- **TASK INSTRUCTIONS**
Copy the closing run of lines, from the one with "사기사건 진행경과 집행유예" through the last line of the listing, exactly and without any pictures.

━━━━━━━━━━━━━━━━

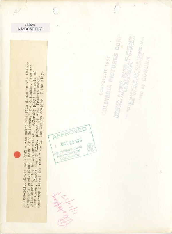 Kevin McCarthy 1951 Double Weight Silver Gelatin Original Photo by Robert Coburn - wonderful key book photo measuring approx 8x12 inches of the classic character actor for his movie debut in 'Death of A Salesman' stamped 1951. VG/Near Mint Condition This item is an ORIGINAL 8x10 photo from the historic archives of Silver Screen Mementos. This original photograph was made in the actual year the film, television show or event was produced. The movie studios produced publicity photographs for distribution to the press, photo agencies and publicity departments to advertise the film/tv show or event. Very often original photos have press release information on the reverse of the photo - movie credits, description of the scene, event and people involved. This is a historic piece of cinema art and is being offered from one collector to another, no rights given or implied. Silver Screen are gradually releasing thousands of Original Photographs, Transparencies, Negatives, Lobby Cards, Posters, Magazines and other memorabilia from our historic archive.
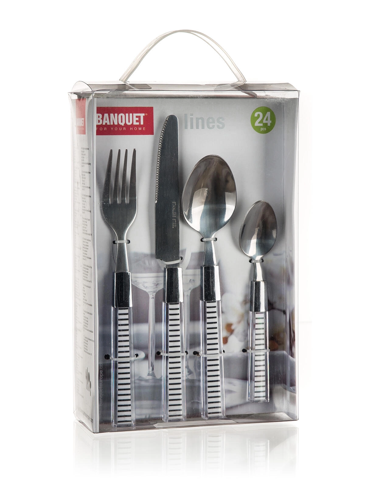 Elegantul set de tacâmuri Lines pentru 6 persoane oferă confort și stil în fiecare zi. Conține 24 de piese: 6x lingură pentru supă, 6x furculiță, 6x cuțit de masă și 6x linguriță pentru ceai. Fabricat din oțel inoxidabil 18/0, grosime 1,8 mm, cu finisaj lucios și mânere din plastic cu decor. Alegere practică pentru gospodărie, suprafață din inox lucios și mânere confortabile din plastic. Tacâmurile nu sunt potrivite pentru mașina de spălat vase.
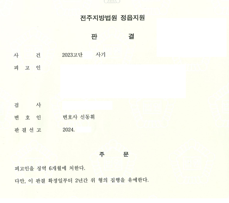 사기사건 진행경과 집행유예 받은 소식을 전해드립니다. * 담당변호사 : 신동휘 변호사
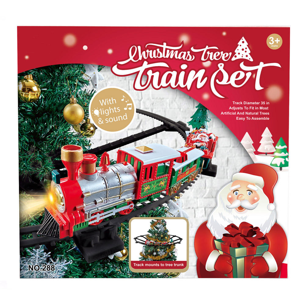 Trem de ferrovia de árvore de natal, brinquedo clássico de brinquedo elétrico, pista, conjuntos de trem de natal, som e luz, brinquedo para crianças.
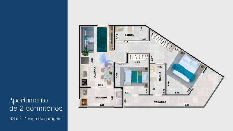Os apartamentos de dois dormitórios são um pouco maiores, com 63 m², e também têm uma vaga de garagem.
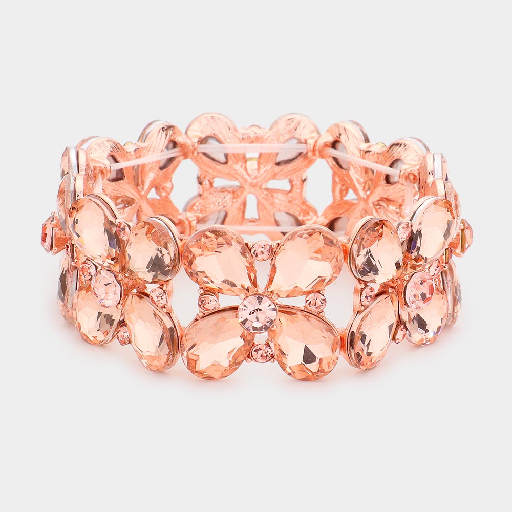 Floral Teardrop Glass Crystal Stretch Evening Bracelet
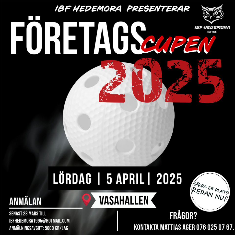 Fyll i din e-postadress för gratis uppdateringar om IBF Hedemora Företagscupen

━━━━━━━━━━━━━━━━

- **EXERCISE ANSWER**
 사기사건 진행경과 집행유예 받은 소식을 전해드립니다. * 담당변호사 : 신동휘 변호사
 Trem de ferrovia de árvore de natal, brinquedo clássico de brinquedo elétrico, pista, conjuntos de trem de natal, som e luz, brinquedo para crianças.
Os apartamentos de dois dormitórios são um pouco maiores, com 63 m², e também têm uma vaga de garagem.
 Floral Teardrop Glass Crystal Stretch Evening Bracelet
 Fyll i din e-postadress för gratis uppdateringar om IBF Hedemora Företagscupen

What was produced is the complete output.